The Kraken Goes Back to Bed is a solo show by Chris Sav about trying to be a better man by becoming a squid. It follows the format of a lecture, in which the speaker presents a series of ‘cephalopodic life hacks’ – applying the attributes of a squid to the various trials of everyday life. From filling out job application forms to attempting great feats of manliness (opening a jam jar), this talk will prove that there is no task that a squid can’t do better than a human.
The show uses video, music and audience interaction to take the audience on a journey into the depths. The narrative likens one’s existential struggles to the descent into the Mariana Trench, the deepest part of the world’s oceans – a depth of which equals the distance between Lancing and Goring-by-Sea, (although it doesn’t sound as impressive when you put it like that). As the pressure increases, so does the need to adapt to the uncertain environment that lies beneath.

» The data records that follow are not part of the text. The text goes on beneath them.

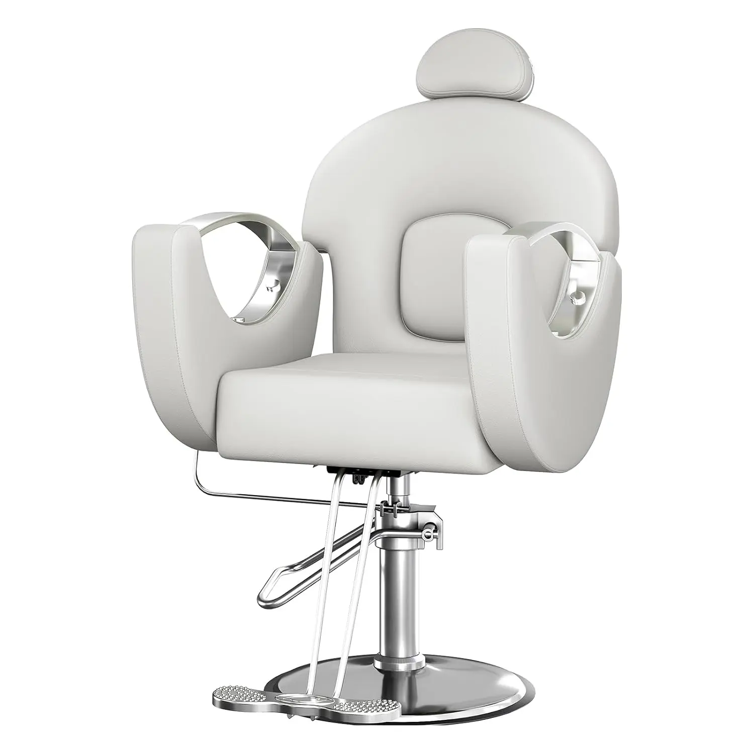 ·【Intuitive Salon-Grade Adjustability】- Silky-smooth hydraulic lever reclines seats from 90° (upright) to 135° (near-flat). Rotate clients 360° for precision work, adjust height (38"-43") with intuitive controls, and customize the detachable headrest—seamlessly accommodating all body types.
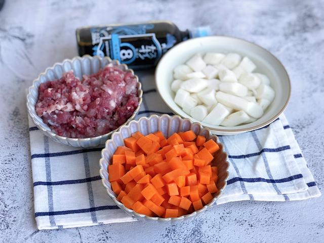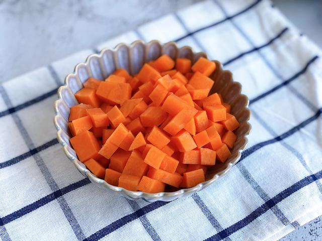 将胡萝卜削皮切成细丁,放入碗中备用。胡萝卜是我们日常很常见的蔬菜之一,除了含有丰富的胡萝卜素之外,还含有钙、铁等多种营养物质。秋天多吃点胡萝卜能健脾养胃,又能提高身体免疫力。
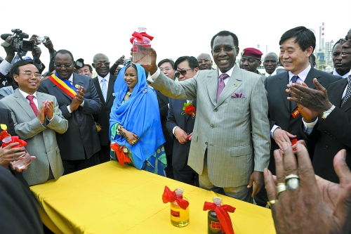 圖為投產(chǎn)儀式上,乍得總統(tǒng)代比高高舉起煉廠產(chǎn)品樣品。
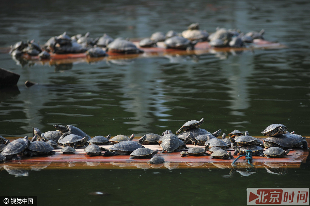2016年6月17日,青岛湛山寺放生池,由于放生的乌龟密度过大,空间狭小,放生池内的乌龟爬到木板上晒太阳,甚至叠起了罗汉。
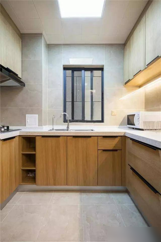 这种设计对经常下厨的人太友好了——台面宽敞得能摆开三四个菜板,碗碟收进底柜抬手就能够着。
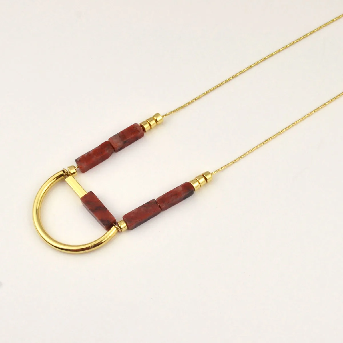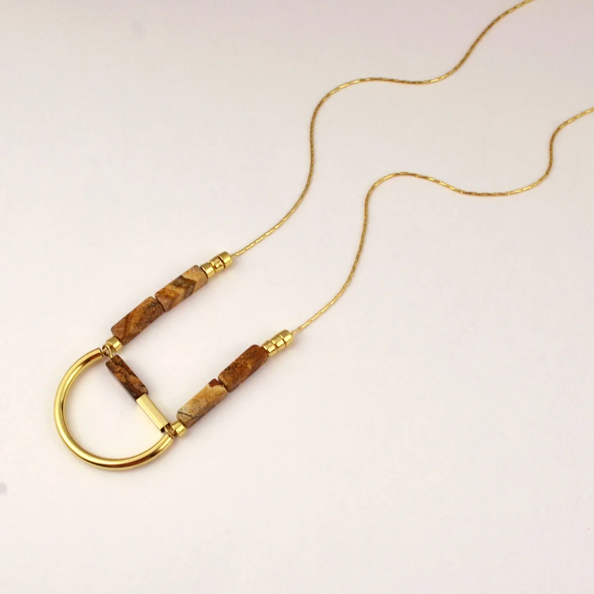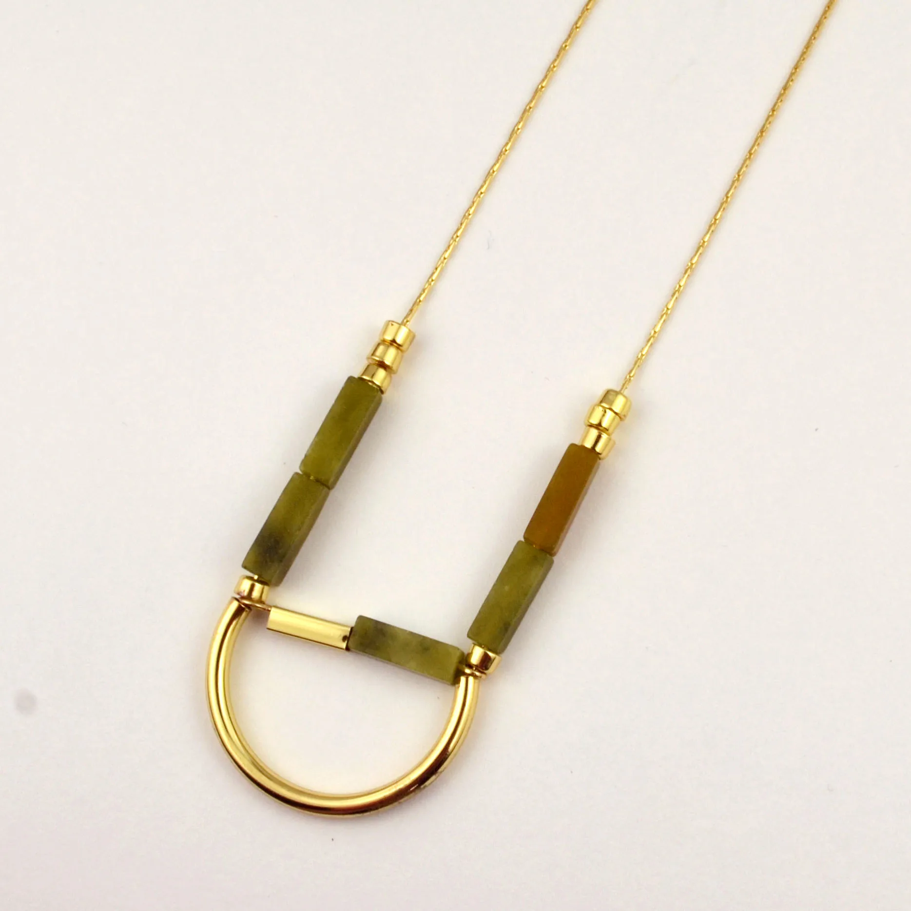 Jewelry Metal U Shape Tube Pendant-Natural Amazonite Stone Delicate Necklaces for Women
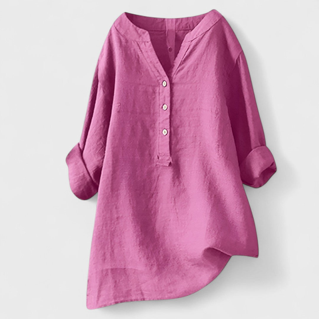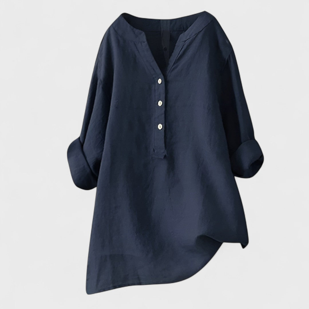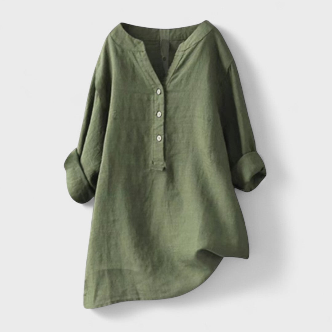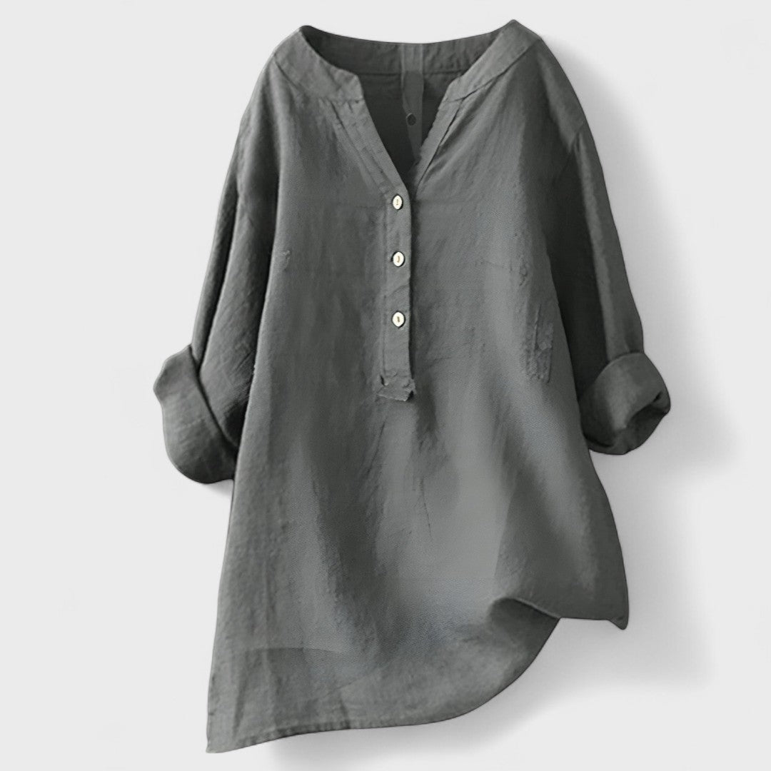 Srajca Freja je nepogrešljiv kos za dni, ko želite izgledati urejeno, a se hkrati počutiti svobodno. Narejena je iz lahkega, zračnega materiala, ki vam omogoča dihanje tudi v vročem vremenu. Klasično gumbno zapiranje in diskreten ovratnik dodajata brezčasni videz, medtem ko ohlapen kroj z rahlo podaljšano dolžino laskata postavi in zagotavljata odlično podlago za plastenje.
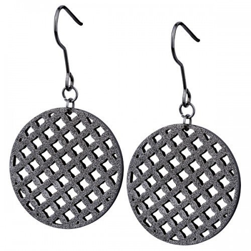 Black Circular Earring With Cutout Diamond Shaped Pattern and Sandblast Texture.
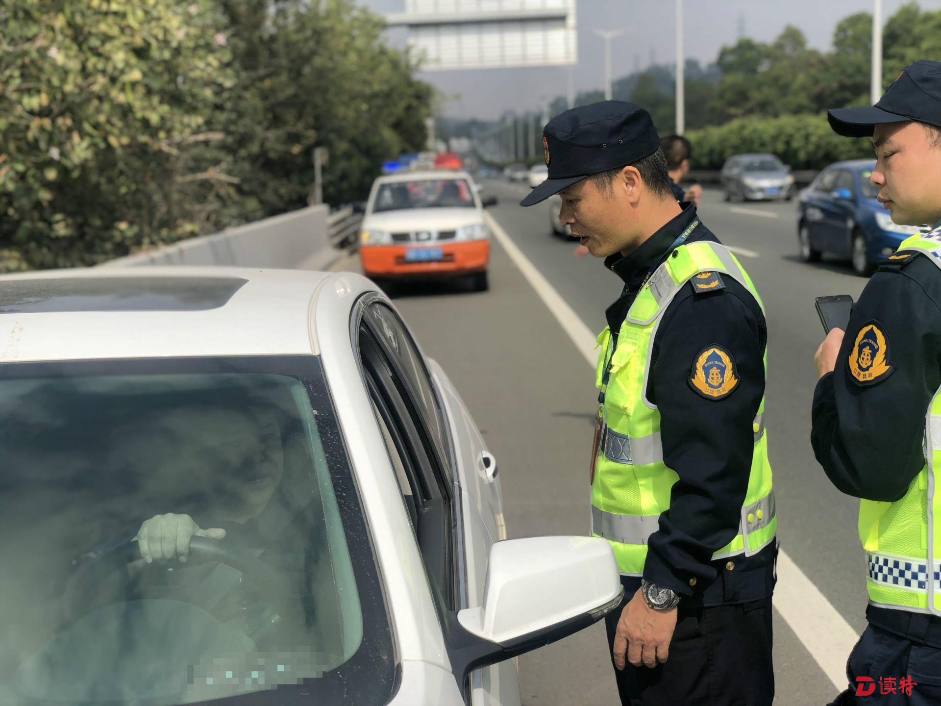 11:20,南光高速光明路段路邊應急車道上,有一輛小車??俊qR明海和開車的老林一起下車,走過去詢問。原來這輛小車爆胎了,正在等待維修廠送備胎過來。馬明海讓車內司機和乘客趕緊下車,盡量往路邊站。“以前高速公路上出過這樣的事故,小車拋錨后,車主沒有下車,結果后面的車輛沒注意撞上來,車內的人都沒了?!崩狭盅a充道:“下車后也不能站在車前或車后,這些位置都很危險,最好站到高速護欄的外面去等待救援?!笨吹綊佸^車輛后面只放了一個很小的三角架,馬明?;氐窖矙z車上,拿下來兩個反光錐放到小車后:“一定要讓其他車輛能很遠就看到這里有車輛???,千萬不能發(fā)生二次事故。”
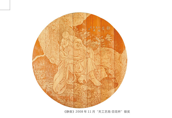 得獎情況 1、扇形擺件《花鳥》2004年9月太湖博覽會金獎 2、《蘭亭序》2008年11月江蘇藝博杯工藝美術(shù)精品獎銀獎 3、《雄風圖》2008年11月江蘇藝博杯工藝美術(shù)精品獎創(chuàng)意獎 4、《靜音》2008年11月“天工藝苑•百花杯”中國工藝美術(shù)精品獎銀獎 5、《人物》2008年12月中國收藏藝術(shù)精品博覽會金獎 6、《花鳥》200 8年12月中國收藏藝術(shù)精品博覽會銀獎 7、《青竹鳥語》2008年12月中國收藏藝術(shù)品博覽會“入圍收藏品” 8、《吉祥富貴》2009年3月“金鳳凰”創(chuàng)新產(chǎn)品設計大獎賽金獎 9、《黃山云!2009年10月江蘇藝博杯工藝美術(shù)精品獎金獎 10、《花鳥》2009年10月第二屆江蘇旅游商品博覽會最佳產(chǎn)品獎 11、《秋菊圖》2009年11月“天工藝苑•百花杯”中國工藝美術(shù)精品獎銀獎 12、《秋鷹圖》2010年3月“金鳳凰”創(chuàng)新產(chǎn)品設計大獎賽優(yōu)秀獎 13、《花鳥四屏》2010年3月“金鳳凰”創(chuàng)新產(chǎn)品設計大獎賽銅獎 14、《荷塘清暑》2010年5月深圳國際文化產(chǎn)業(yè)博覽交易會銅獎 15、《溪山煙云圖》2010年9月江蘇藝博杯工藝美術(shù)精品大獎賽金獎 16、《高士臨風圖》2010年10月“天工藝苑•百花杯”中國工藝美術(shù)精品獎銀獎 17、《溪山煙云圖》2010年11月第二屆東方工藝美術(shù)之都博覽會“迎春花獎” 18、《深山尋隱圖》2011年3月“金鳳凰”產(chǎn)品設計大獎賽銅獎 19、《欣欣向榮》2011年5月深圳國際文化產(chǎn)業(yè)博覽交易會金獎 20、《江崖遠眺圖》2011年9月江蘇藝博杯工藝美術(shù)精品大獎賽金獎 21、《富春山居圖》2011年10月“天工藝苑•百花杯”中國工藝美術(shù)精品獎金獎 22、《深山訪友》2011年11月中國無錫國際文化藝術(shù)博覽會銀獎 23、《幽谷清音》2012年3月“金鳳凰”創(chuàng)新產(chǎn)品設計大獎賽銅獎 24、《群芳競艷》2012年10月“儒仕儒家、百花杯”中國工藝美術(shù)精品博覽會金獎 25、《山村渡口圖》2012年12江蘇藝博杯工藝美術(shù)精品大獎賽金獎。 26、《晨妝》2013年4月“金鳳凰”創(chuàng)新產(chǎn)品設計大獎賽金獎。 27、《和風圖》2013年6月中國(青島)工藝美術(shù)博覽會創(chuàng)新產(chǎn)品設計大賽金獎。 28、《松壑聽泉》2013年9月江蘇藝博杯工藝美術(shù)精品大獎賽銀獎。 29、《君子圖》2013年11月“國信•百花杯”中國工藝美術(shù)精品獎銀獎 30《碧水輕舟》2014年5月深圳國際文化產(chǎn)業(yè)博覽交易會銀獎。 31、《千巖萬壑圖》2014年10月“中國原創(chuàng)•百花杯”中國工藝美術(shù)精品獎金獎 32、《溪山訪友圖》2014年10月江蘇藝博杯工藝美術(shù)精品大獎賽銀獎 33、《深山云壑》2014年12月深圳冬季國際文化產(chǎn)業(yè)博覽交易會金獎 34、《鷹》2015年深圳文化產(chǎn)業(yè)博覽交易會獲“中國工藝美術(shù)文化創(chuàng)意獎”金獎
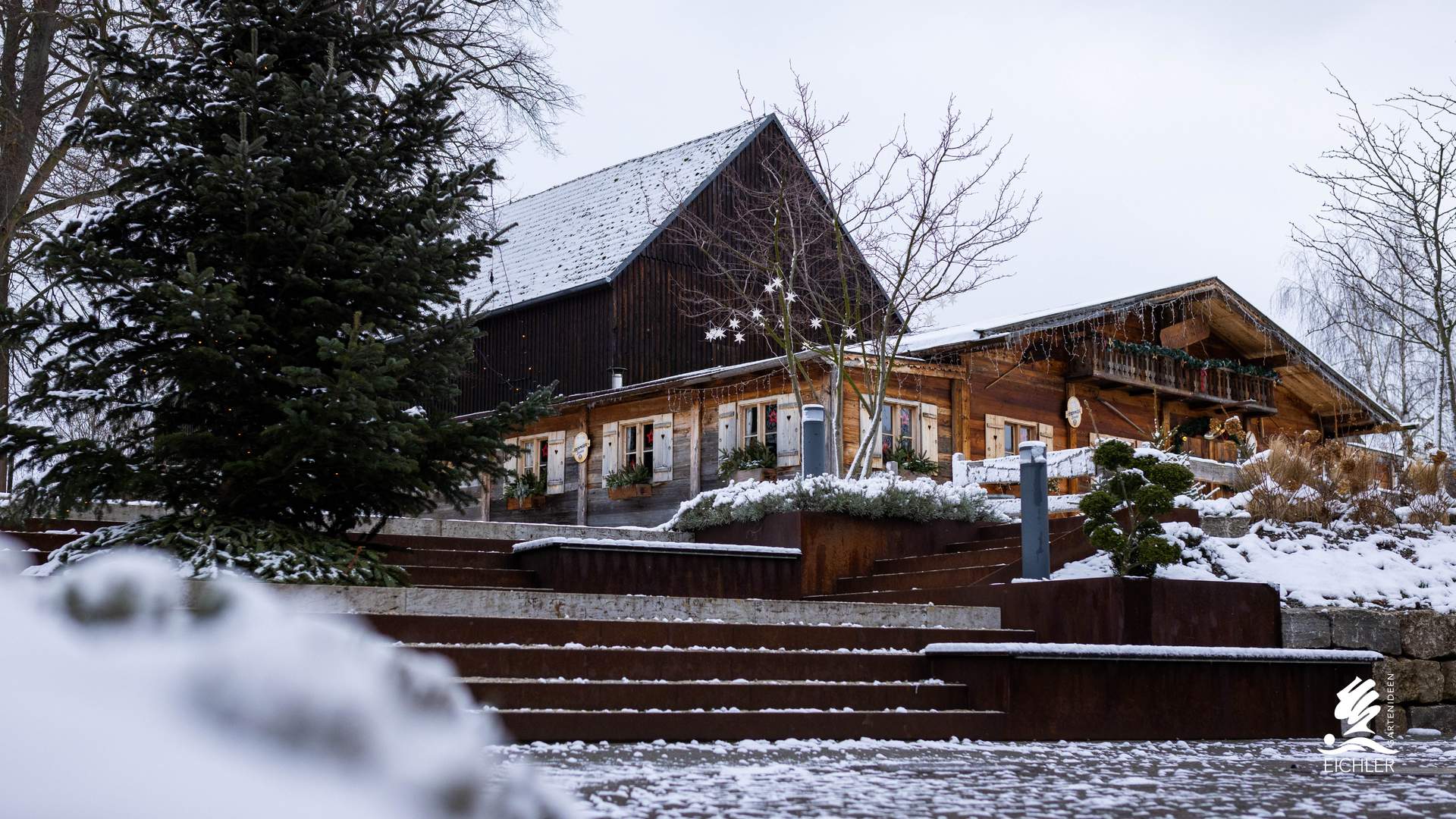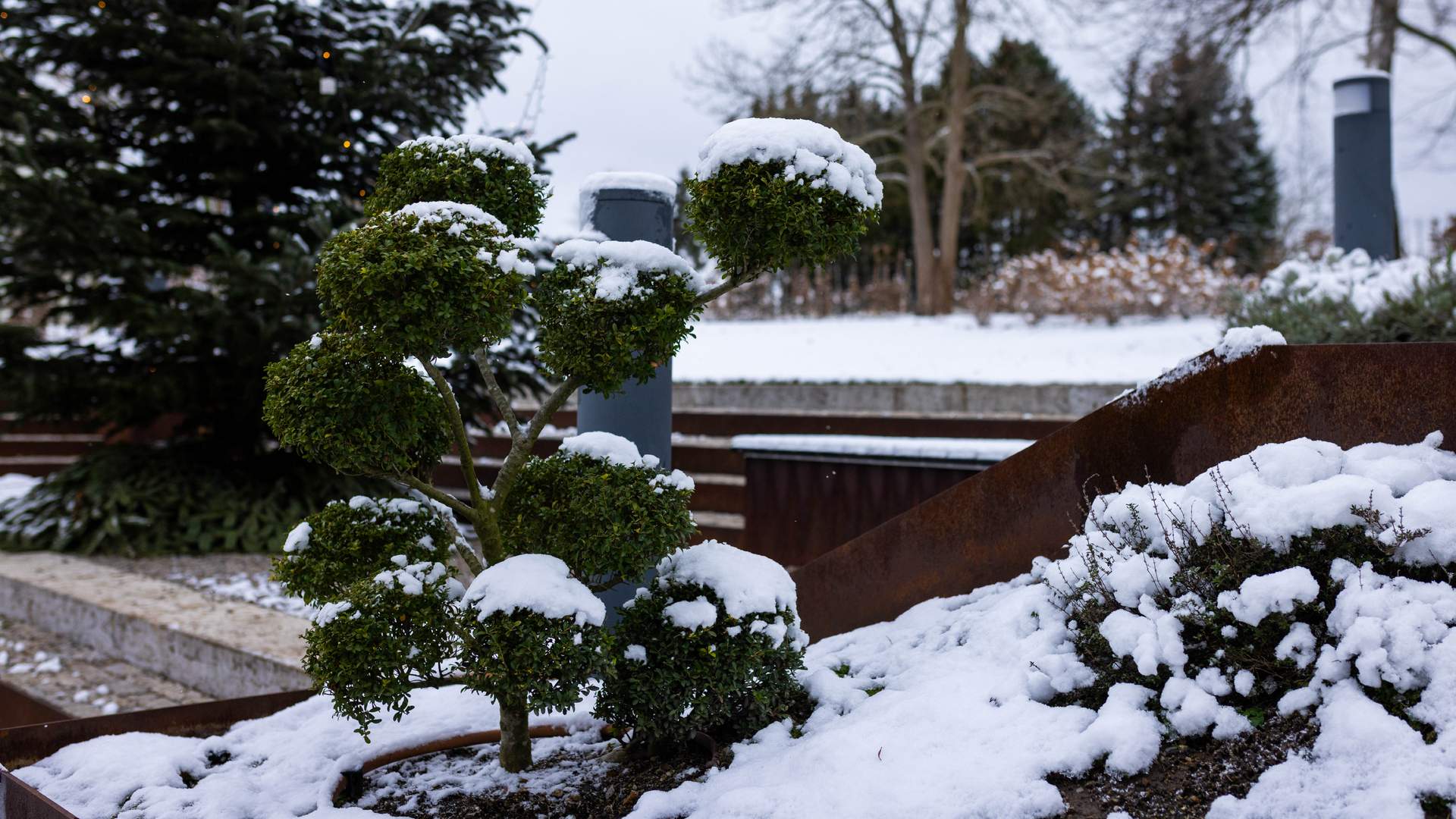 Im Garten des Hotel Beierlein treffen klare Formen auf winterliche Ruhe.
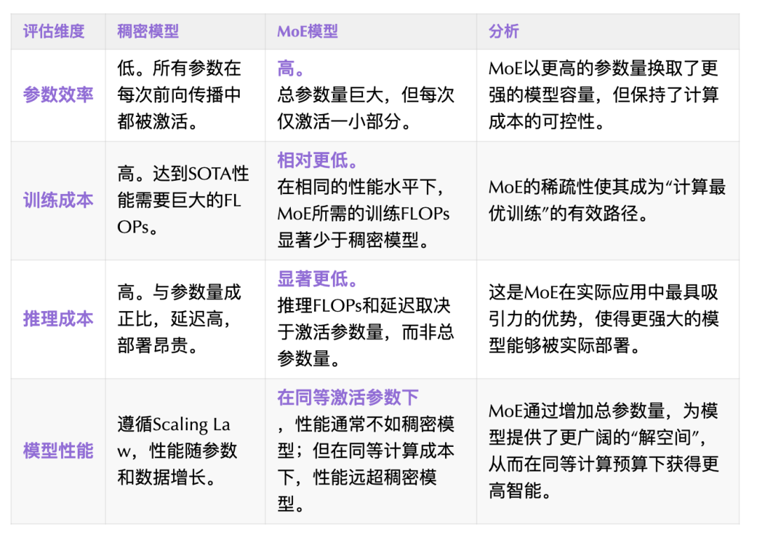 MoE模型的核心价值是在相似甚至更低的计算成本下,达到或超越更大规模的密集模型的性能。

The theme of anxiety lies at the core of the show, a result of the millennial crisis sediment that has floated down through unemployment, precariousness and YouTube culture. The show also addresses what masculinity means in the 21st Century by parodying the expectations and traditional notions.
The Kraken Goes Back to Bed teeters between the comic and tragic by using pop culture references and deadpan physical comedy against the backdrop of an uncertain post-Brexit climate, whilst highlighting the humour and pathos that lies in wanting to embody a creature so vastly different to ourselves.
The show wavers between fact and fiction, leaving the audience to question what is real and what is not, and perhaps to accept that sometimes, just believing you are a squid is enough.
“Chris’ depiction of the kraken was pretty accurate.”